Challenges and Opportunities in Africa’s Air Cargo Market

Africa’s air cargo market continues to face significant trade barriers, geopolitical conflicts, and operational constraints. Industry leaders at the recently concluded Air Cargo Africa in Nairobi highlighted ongoing efforts to drive positive change.

Trade Barriers and Economic Fragmentation

Racheal Ndegwa, CEO of Swissport Kenya, emphasized that economic fragmentation hampers trade and airfreight growth across the continent. She urged for greater resource unification to maximize economic potential.

Meanwhile, Wilson Kwong, CEO of Hong Kong Air Cargo Terminals Limited (Hactl), stressed the importance of increasing exports and fostering stronger regional collaboration.

Geopolitical Challenges and Airline Constraints

Geopolitical instability remains a major obstacle. Peter Musola, Head of Cargo Commercial at Kenya Airways, pointed out that conflicts in Sudan and West Africa have led to flight route diversions, increasing time and costs, particularly for perishables. Eric Wilson, Senior Vice President of Cargo Sales at Qatar Airways Cargo, echoed these concerns, stating that conflict and political instability hinder commercial expansion.

Mr. Musola also highlighted the importance of trade liberalization, advocating for the ratification of free trade area protocols to create new opportunities for airlines. However, he raised concerns over the ongoing issue of blocked airline funds, warning of serious financial risks if these funds remain inaccessible.

Infrastructure and Market Expansion

To support air cargo growth, Grant Kemp, Regional General Manager Central (Africa, UAE, GCC, CIS & Levant) at Etihad Cargo, emphasized the role of secondary airports in improving network strategy and capacity handling. He noted that to efficiently transport perishables and pharmaceuticals, Africa must develop its secondary airport infrastructure. Mr.
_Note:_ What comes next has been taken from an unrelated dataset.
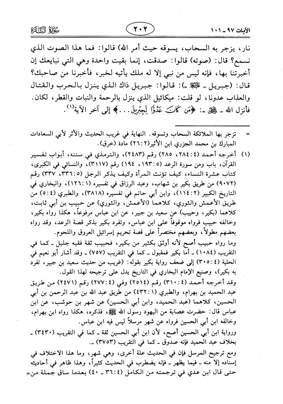 نار، يزجر به السحاب، يسوقه حيث أمر اللَّه) قالوا: فما هذا الصوت الذي نسمع؟ قال: (صوته) قالوا: صدقت، إنما بقيت واحدة وهي التي نبايعك إن أخبرتنا بها، فإنه ليس من نبي إلا له ملك يأتيه لخبر، فأخبرنا من صاحبك؟ قال: (جبريل - عليه السلام -): قالوا: جبريل ذاك الذي ينزل بالحرب والقتال والعذاب عدونا، لو قلت: ميكائيل الذي ينزل بالرحمة والنبات والقطر، لكان. فأنزل اللَّه - عَزَّ وَجَلَّ -: (مَنْ كَانَ عَدُوًّا لِجِبْرِيلَ ... ) إلى آخر الآية.

Wilson added that production hubs often do not align with major air hubs, making partnerships essential for connecting secondary and tertiary markets.

From a ground-handling perspective, Ms. Ndegwa stressed the need for collaboration between airports, governments, and private stakeholders. She advocated for investments in “fit-for-purpose” infrastructure, such as warehouses and process enhancements, aligned with global standards.

Positive Growth Trends

Despite these challenges, Africa’s air cargo industry is showing signs of progress. Aaron Tayler, Boeing’s Regional Director of Market Analysis, highlighted that nine of the world’s fastest-growing economies, including Kenya, Ethiopia, Rwanda, and Senegal, are in Africa. This economic expansion is expected to drive demand for trade and airfreight.

Boeing’s World Air Cargo Forecast predicts that African air cargo volumes will double over the next 20 years. Key growth drivers include economic development, policy reform, trade liberalization, and expanded air traffic rights. Tayler noted that the Africa-East Asia trade lane has been particularly strong, growing nearly 7% annually over the past decade and is expected to triple in volume over the next 20 years.

Fleet Expansion and Modernization

Boeing anticipates that Africa will require around 100 additional freighter aircraft in the next two decades, bringing the total fleet to over 150 aircraft by the early 2040s. Tayler pointed out that much of Africa’s existing fleet is aging, with many aircraft exceeding 30 years in service. This underscores the need for fleet renewal and expansion to meet growing air cargo demands.

Strengthening Connectivity

Although supply chain connectivity remains a challenge, there has been a revival of airlines that have increased capacity and enhanced regional connectivity. Qatar Airways Cargo, for instance, has seen balanced inbound and outbound market flows across its 28-city African network. Wilson noted that the airline’s operations in Africa continue to grow steadily.

Kenya Airways’ Mr. Musola acknowledged recent challenges in the Kenyan flower industry, particularly during the fourth quarter of 2024 when airfreight capacity was redirected to serve the Asian e-commerce market. However, he reported a strong recovery in the first quarter of 2025, thanks in part to a timely realignment of capacity following the Chinese New Year and Valentine’s Day peak demand.